A Spring Boot application for scraping and converting HTML data into an Excel spreadsheet.


📚 GitHub Repository

This project demonstrates a complete pipeline of working with web data using Java and Spring Boot. It fetches raw HTML from a given URL, extracts relevant information, maps it to structured Java objects (POJOs), and writes the results into an .xls Excel file.


⚙️ Tech Stack

  • Spring Boot – main application framework
  • Jsoup – HTML parsing
  • Apache POI – Excel file generation
  • Spring Configuration – flexible setup via application.properties

🚀 Features

  1. Fetch HTML content Makes a GET request to the target URL and retrieves the HTML response.

  2. Parse HTML with Jsoup Uses Jsoup to create a Document object and navigate the DOM.

  3. Map to POJO objects Extracted data is converted into Java classes for easy manipulation.

  4. Export to Excel (XLS) Generates a formatted .xls spreadsheet using Apache POI.

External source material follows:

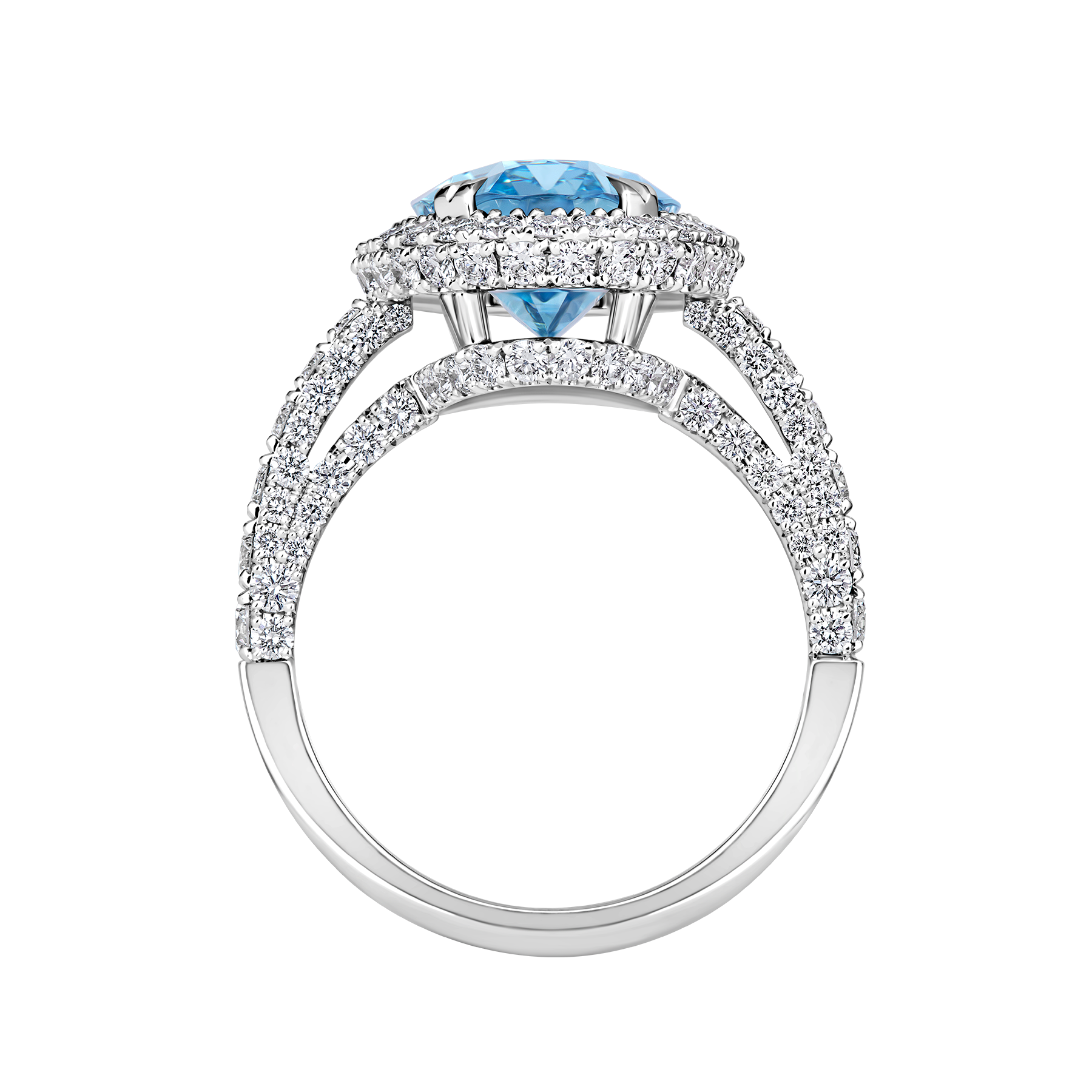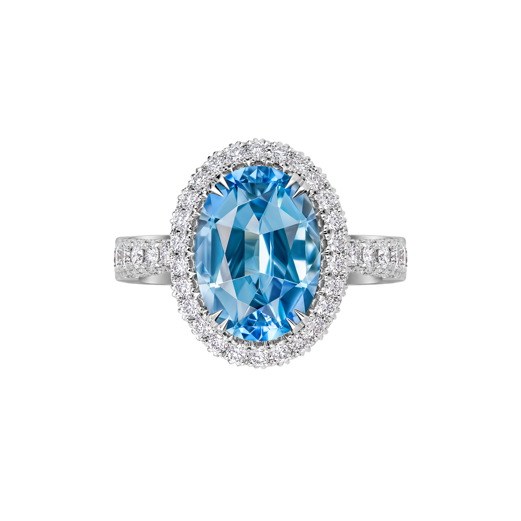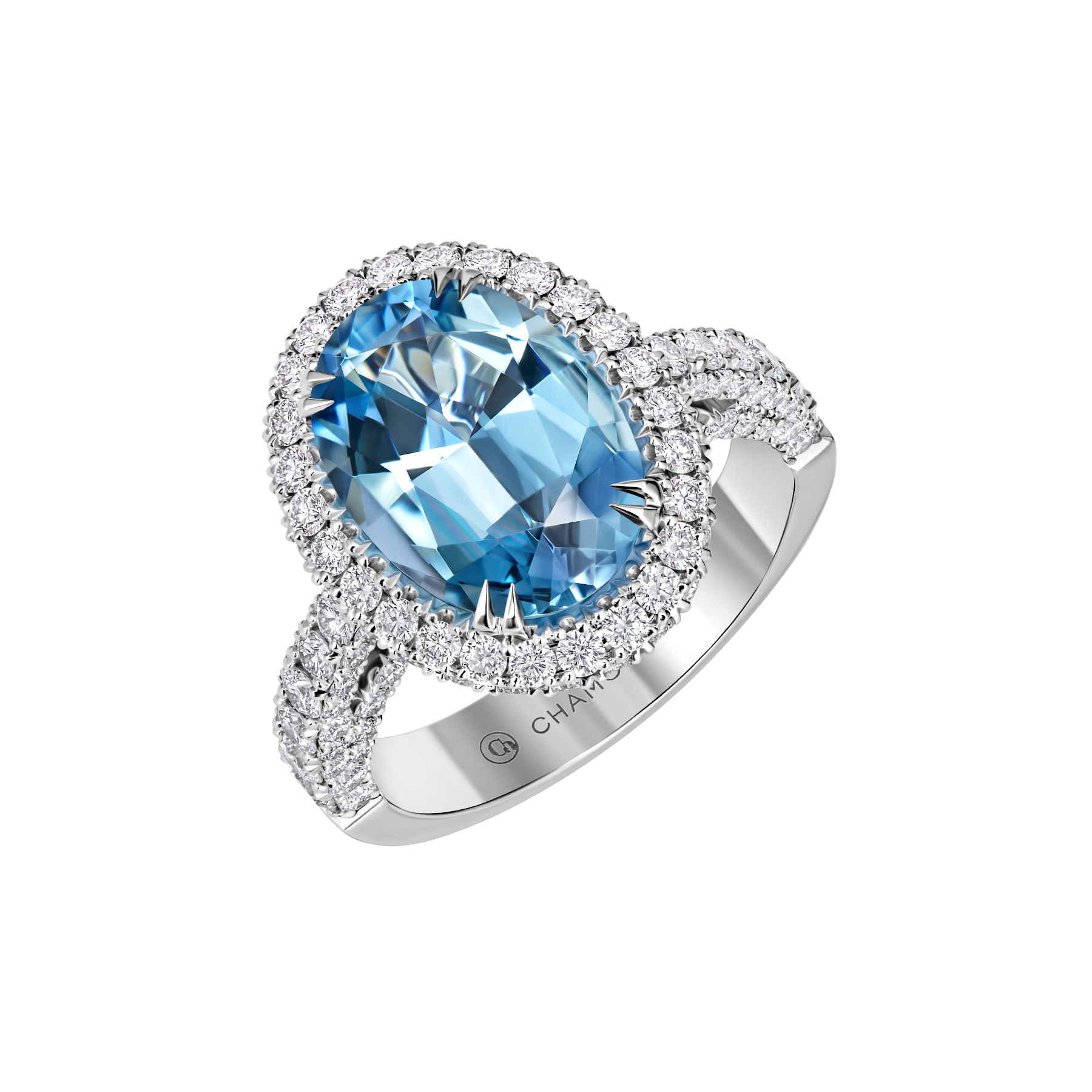 Классическое кольцо с аквамарином весом 3,58 ct воплощает образ утонченного очарования. Элегантная овальная форма самоцвета раскрывает безмятежный, словно морская гладь, голубой оттенок. Инкрустация из 144 бриллиантов придает композиции исключительное сияние.

  5. Configurable via properties file Keywords and target URL can be defined in application.properties.


🛠️ How to Run

  1. Clone the repository:
git clone https://github.com/maltsev-dev/html_scraper_template
cd html_scraper_template
  1. Configure the app in src/main/resources/application.properties:
target.url=https://example.com
scraper.keywords=Item,Price,Details
  1. Run the application:
./mvnw spring-boot:run
  1. The output Excel file (output.xls) will be generated in the project root.

✅ Benefits

  • Fully based on the Java ecosystem
  • Requires no browser automation or WebDriver
  • Easily customizable for different scraping needs
  • Simple to set up and extend

📄 License

This project is licensed under the MIT License.